# Work to complete
Please reproduce the records below exactly, omitting any pictures they contain.

# Provided records
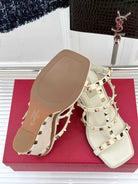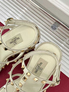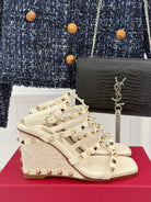 VT 25 Studded Wedge Sandals Beige Gold Calfskin 156079
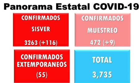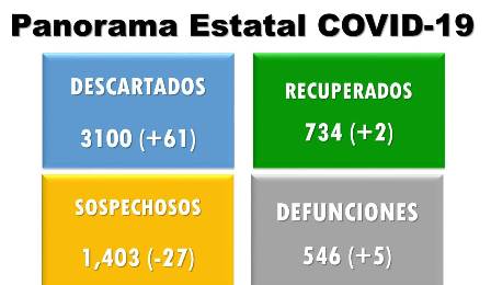 También se presentaron 5 nuevas defunciones para llegar a 546 en la entidad, así como un total de 3,263 positivos hasta el momento.
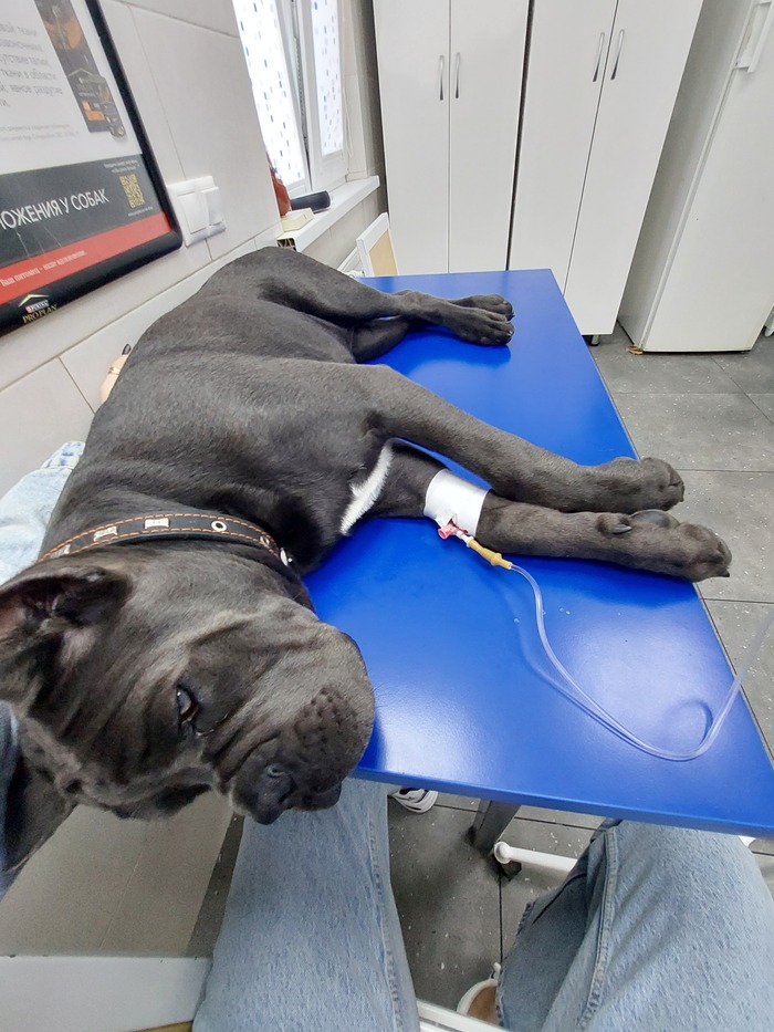 Беру его на руки, 28 кг, он еле поднимает голову ко мне, едем в клинику.
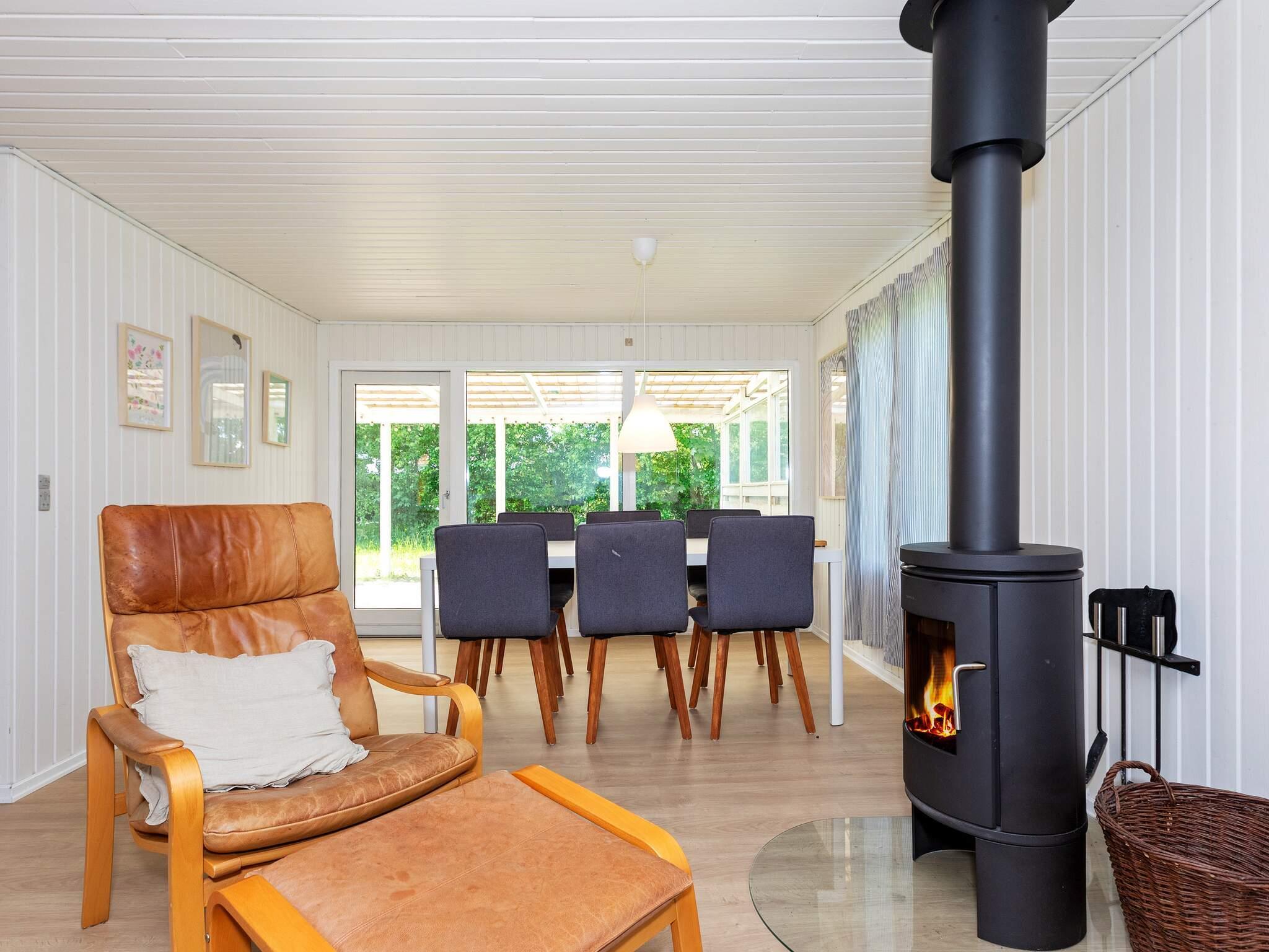 Indvendigt har feriehuset et hyggeligt alrum, der kombinerer køkken, spisestue og opholdsrum i en åben planløsning. Opholdsområdet inkluderer et tv med Chromecast, så du kan streame dit yndlingsindhold. Interiøret er lyst og gennemtænkt møbleret, hvilket skaber en varm og indbydende atmosfære for familier og små grupper.
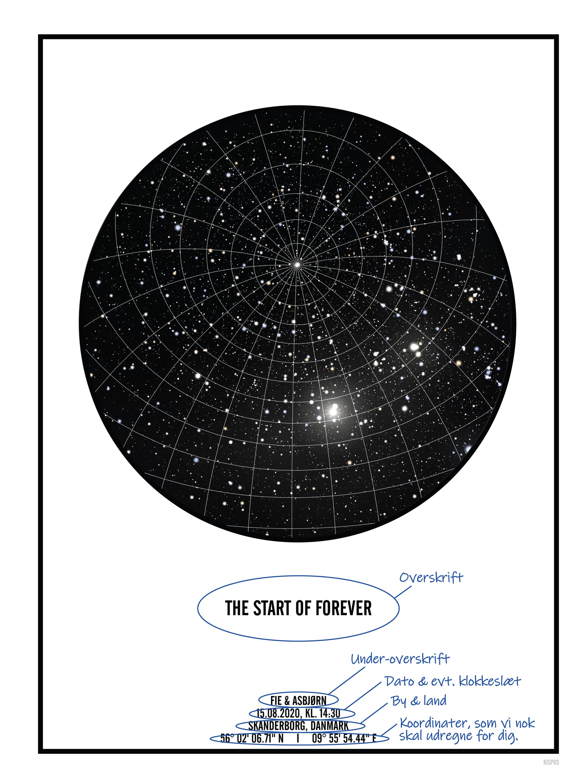 En stjernehimmel plakat er et helt unikt og præcist billede af, hvordan stjernerne stod på himlen netop på netop dét tidspunkt, der har en helt særlig betydning for dig.
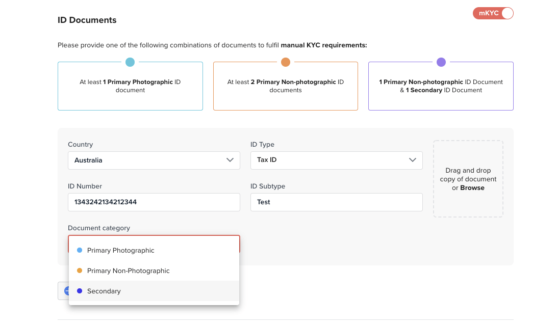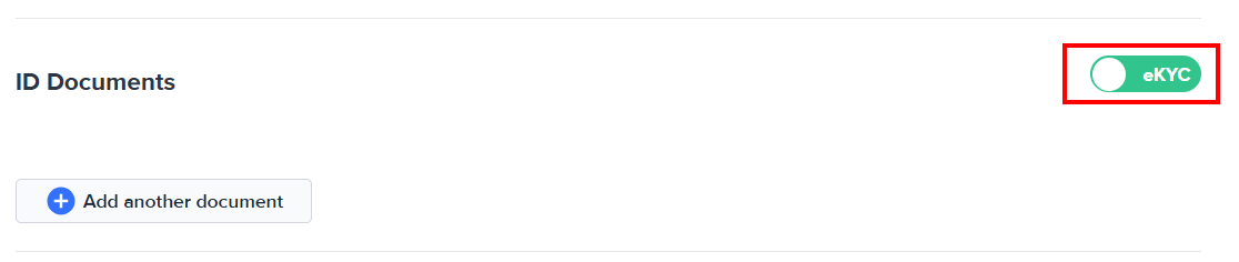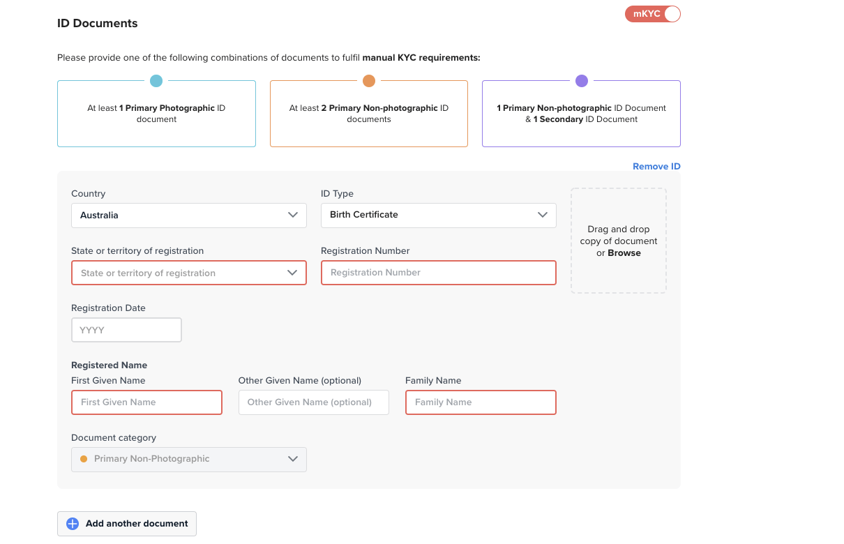 This will enable mKYC. Select the Add another document button to enter identification documents.
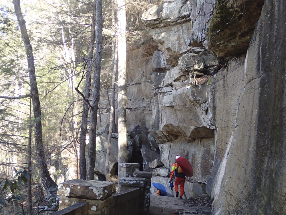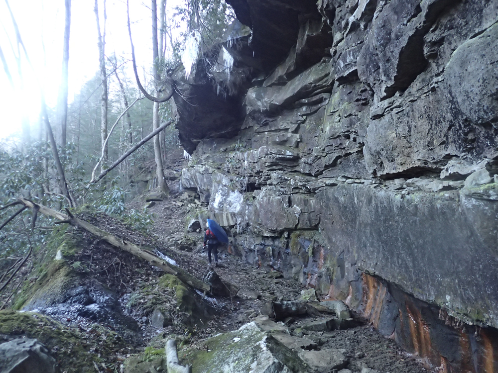 From the river: When you get to Bark Camp Creek (note there are a few small structures up just a short ways from the river on creek left), get out on creek left and climb 100 ft to find the trail. Follow this for ~150 yards to an old bridge site. You will need to rock hop to cross the creek to creek right. The trail then climbs from there. Stay left at a few forks, they will tell you it is a quarter mile to the top... I think it felt a little longer than that personally.
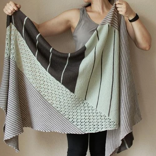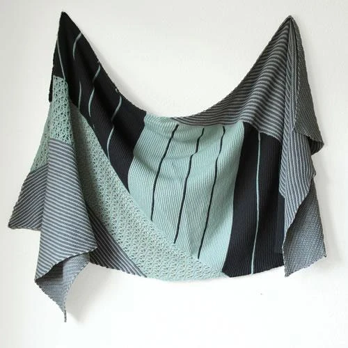 It’s a generous rectangular shawl knit from four different colors, using short rows to seamlessly combine textures like stripes and lace into a garment that captures the steep lines and beautiful color play of the Verdon Gorge itself.
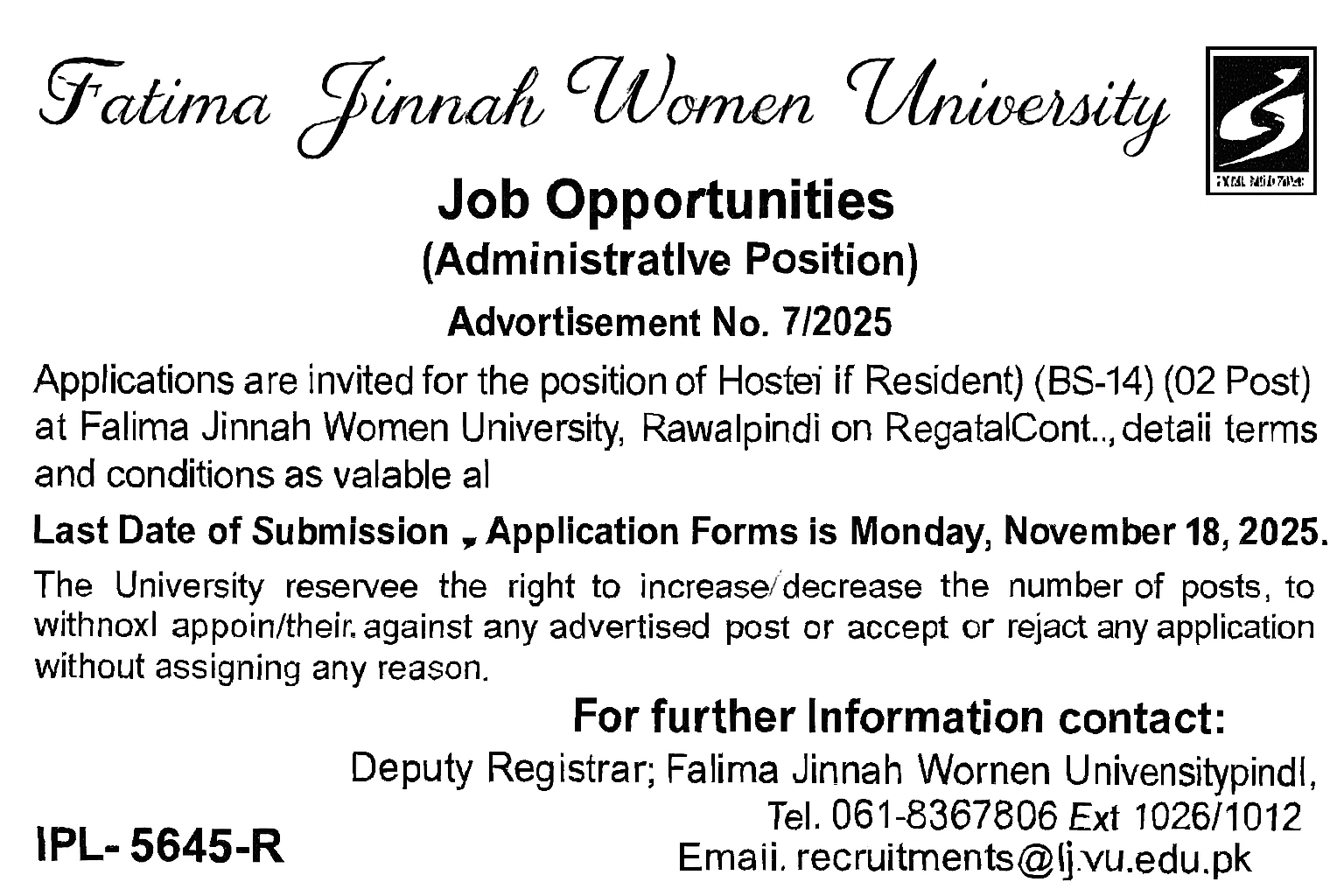 Apply now for the newest Government Education jobs ot other positions at Fatima Jinnah Women University Rawalpindi, before the last date which is November 18-2025, or the last date mentioned in the newspaper advertisement. click on the complete ad image online to learn more about the application process for the new Fatima Jinnah Women University job vecancies.

# Task result
 VT 25 Studded Wedge Sandals Beige Gold Calfskin 156079
 También se presentaron 5 nuevas defunciones para llegar a 546 en la entidad, así como un total de 3,263 positivos hasta el momento.
 Беру его на руки, 28 кг, он еле поднимает голову ко мне, едем в клинику.
 Indvendigt har feriehuset et hyggeligt alrum, der kombinerer køkken, spisestue og opholdsrum i en åben planløsning. Opholdsområdet inkluderer et tv med Chromecast, så du kan streame dit yndlingsindhold. Interiøret er lyst og gennemtænkt møbleret, hvilket skaber en varm og indbydende atmosfære for familier og små grupper.
 En stjernehimmel plakat er et helt unikt og præcist billede af, hvordan stjernerne stod på himlen netop på netop dét tidspunkt, der har en helt særlig betydning for dig.
 This will enable mKYC. Select the Add another document button to enter identification documents.
 From the river: When you get to Bark Camp Creek (note there are a few small structures up just a short ways from the river on creek left), get out on creek left and climb 100 ft to find the trail. Follow this for ~150 yards to an old bridge site. You will need to rock hop to cross the creek to creek right. The trail then climbs from there. Stay left at a few forks, they will tell you it is a quarter mile to the top... I think it felt a little longer than that personally.
 It’s a generous rectangular shawl knit from four different colors, using short rows to seamlessly combine textures like stripes and lace into a garment that captures the steep lines and beautiful color play of the Verdon Gorge itself.
 Apply now for the newest Government Education jobs ot other positions at Fatima Jinnah Women University Rawalpindi, before the last date which is November 18-2025, or the last date mentioned in the newspaper advertisement. click on the complete ad image online to learn more about the application process for the new Fatima Jinnah Women University job vecancies.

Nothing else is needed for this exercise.